We applied our two-stage change point detection method to two data sets. The first is a seizure recording which captured brain activity of a subject monitored at the epilepsy center at the University of Michigan. The EEG data was sampled at 100Hz and lasted for about 500 seconds with a total length of 50,000 (Schöder and Ombao, 2019). The data was recorded at 31 channels. The placement of the scalp electrodes is illustrated in Figure 7. The abbreviation correspond to different locations on the scalp. For example, Fp means frontal polar and C means central. Figure 8 shows the time series for six channels where the seizure happening time are similar among different channels.
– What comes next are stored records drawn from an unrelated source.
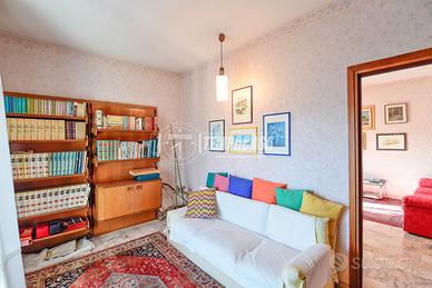 La soluzione, sita al terzo ed ultimo piano senza ascensore di un elegante contesto recentemente ristrutturato, è così disposta: ingresso, luminoso soggiorno con accesso al balcone, cucina abitabile con accesso al balcone, disimpegno, due camere da letto di cui una con accesso ad un secondo balcone e bagno finestrato con vasca.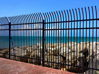 A picket fence formed of relatively thin-walled rectangular cross-sectioned tubular-steel posts, rails and pickets, with holes in the posts receiving the ends of the rails and with holes in the rails receiving the ends of the pickets. Tubular picket fence this through picket style with a pressed spear adorning the top not only provides the classic look by which it gets its name, it is also one of the more popular aluminum fences around, bringing an aesthetically pleasing visual appeal to your property. Spear-top picket Fence is one of the more fashionable decorative, metal fences on the market and is available in 2 or 3 rails with a flush bottom rail option, as well. Decorative rings and scrolls can be added for an even more ornamental look.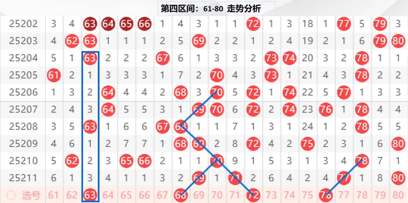 四区分析:【61-80】(走势图标注号码非小黄车大底,请谨慎参考,具体思路将在直播间分享讨论)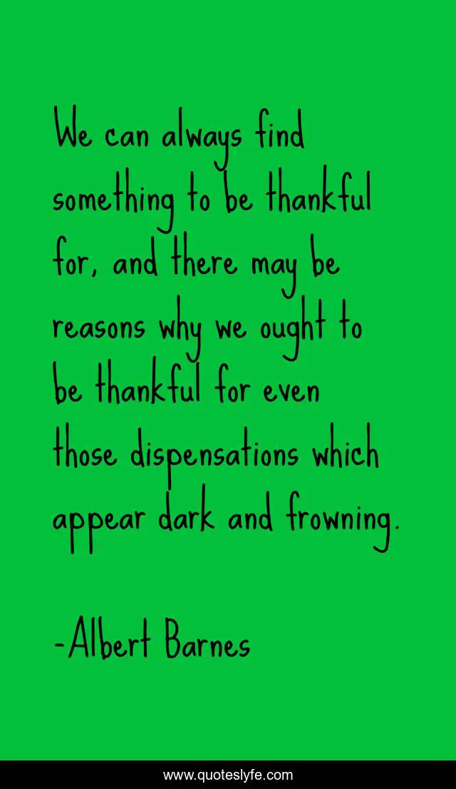 This page presents the quote "We can always find something to be thankful for, and there may be reasons why we ought to be thankful for even those dispensations which appear dark and frowning.". Author of this quote is Albert Barnes. This quote is about dark, be thankful, why,.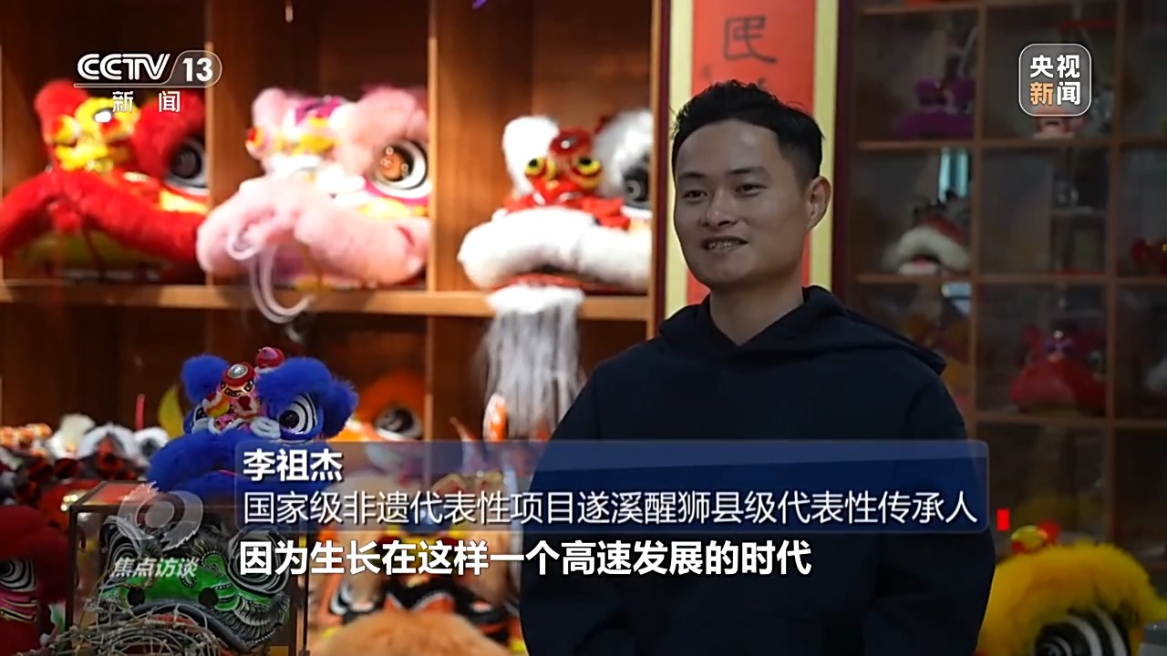 李祖杰:其实和父亲相比的话,我觉得我是非常幸运的,因为生长在这样一个高速发展的时代,有很多科技帮助我做得更长远,我要把这份传统文化传承下去,而且是结合着时代发展去传承,让年轻一代也了解和喜欢醒狮文化。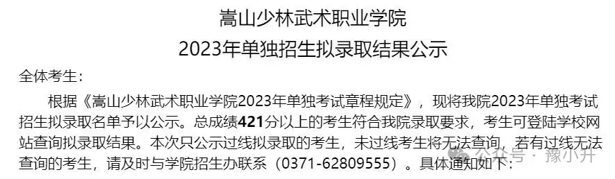 嵩山少林武术职业学院2023年单招录取分数线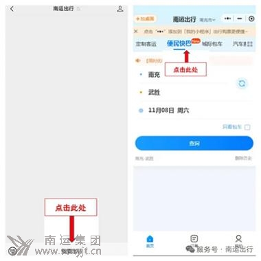 2.點擊微信公眾號頁面下方“我要出行”,再選擇“便民巴士”。

We first examine the time-frequency plots of the first three spectral PCs (Figure 9) where darker color indicates higher weights at certain frequency and time points. It has been known that the low-frequency energy is more varying during epileptic seizure (Schöder and Ombao, 2019). Therefore, it is of interest to use delta band to detect change points.
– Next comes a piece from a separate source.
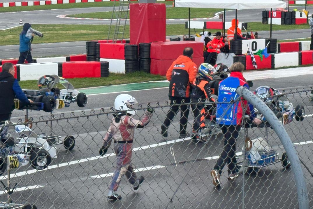 El sábado se definía todo y la lluvia fue determinante. El kartista de Maipú (Mendoza) se retrasó hasta el puesto 19° en la pre final, pero le alcanzó para ingresar a la carrera final, solo para los mejores 36 clasificados de los 51 inscriptos. “Largó 26° y se metió muy bien en el inicio, avanzando bastante, hasta que un choque múltiple en la primera vuelta dejó tirado a 4 karts y uno de ellos fue Felipe”.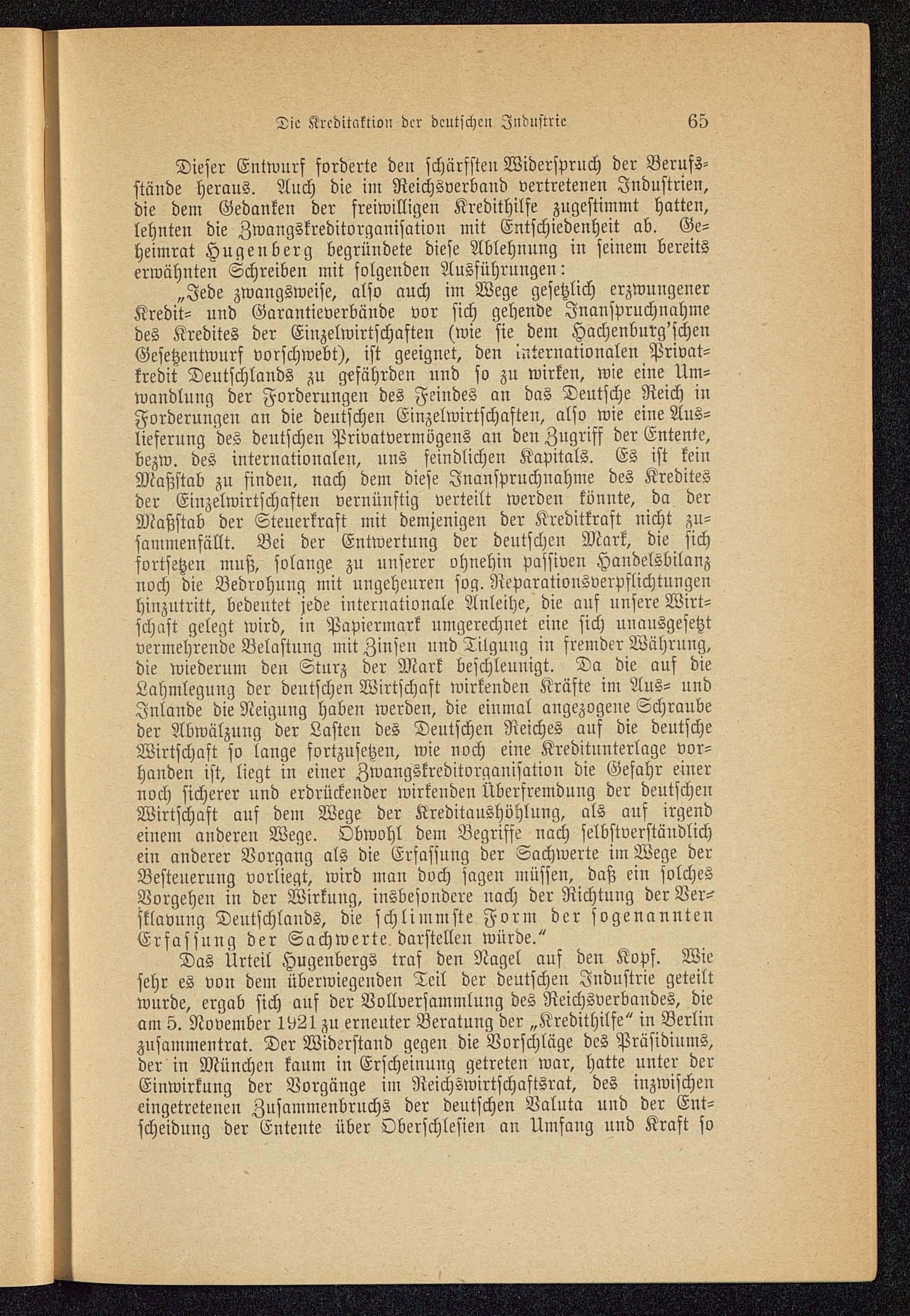 Dieser Entwurf forderte den schärfsten Widerspruch der Berufs-stände heraus. Auch die im Reichsverband vertretenen Industrien,die dem Gedanken der freiwilligen Kredithilfe zugestimmt hatten,lehnten die Zwangskreditorganisation mit Entschiedenheit ab. Ge-heimrat Hugenberg begründete diese Ablehnung in seinem bereitserwähnten Schreiben mit folgenden Ausführungen:

Figure 10 shows the detected change points using the first three spectral PCs. The red dotted lines denote the location of estimated change points in delta band. We have detected a few pre-ictal change points in all three components at the beginning of the recording. The first component captures multiple change points while the second and third component each detects one change point before seizure took place. The result suggests that it might be possible to build early warning systems on seizure. The other group of change points is identified right before and during seizure onset. All of the three components capture several changes around $t=40,000$, which agree with visual inspection on the frequency-time plot and the findings of neurologists. This demonstrates that our method can detect epileptic seizure well on this data.

To understand how many spectral PC should be analyzed, we plotted the variance proportion plot (Figure 10), which shows that the first two components explain over 90% of the total variance. Thus, analyzing the first three principal component is adequate for this particular dataset.
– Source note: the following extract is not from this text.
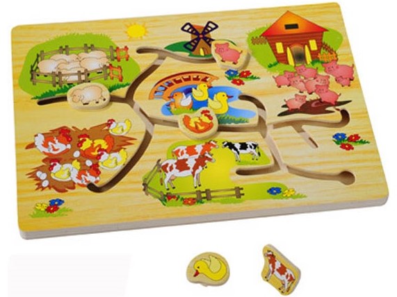 - Деревянные лабиринты, состоящие из дощечки с проложенными на ней извилистыми тропинками, по которым можно двигать фигурки. Задача – поставить фигуры на свои места. Такие игрушки развивают у детей пространственно-логическое мышление, усидчивость, речь и знания об окружающем мире.

We also conduct analysis using the other comparison methods. Figure 11 shows the results using Contemperaneous Method and it did not detect the pre-ictal change points using the first two components. In figure 12 it can be seen that the Structural Break Method can only detect a change point at the end of the series and the Sparsified Binary Segmentation cannot detect the pre-ictal change point either.

We also applied our Spec PC-CP method to the log returns of the daily closing values of 9 representative $S\&P$ 100 stocks which has been analyzed in previous work (Barigozzi, Cho and Fryzlewicz, 2014). The stock data was observed between 4 January 2000 and 10 August 2016 from Yahoo finance. The total length is 4,177 days. We analyzed the following 9 stocks: AXP (American Express), BAC (Bank of America), BK(The Bank of New York Mellon), C (Citigroup), COF (Capital One Financial), GS (Goldman Sachs), JPM (JPMorgan), MS (Morgan Stanley), WFC (Wells Fargo). Figure 13 shows the stock prices of Bank of America and JP Morgan.

We used the first two spectral principal components for change point detection. Figure 14 gives the frequency-time plots of two stocks and the first two spectral PCs. Changes appear in multiple frequency bands in this case. The detected change points are shown in Figure 15. Most of the change points are around events that might have impact on the financial market. For example, the start of the Iraq War in 2003, The financial crisis in 2008, the Greek and EU sovereign debt crisis in 2011 and 2015. Both the first and second spectral principal components are able to detect the change points in a neighbourhood of the above events. These results demonstrates that our method also work well for stock data. Figure 16 shows the results using the comparison methods. The Contemperaneous Method has comparable estimates while the other two methods fail to detect events such as the financial crisis in 2008 and the debt crisis in 2015.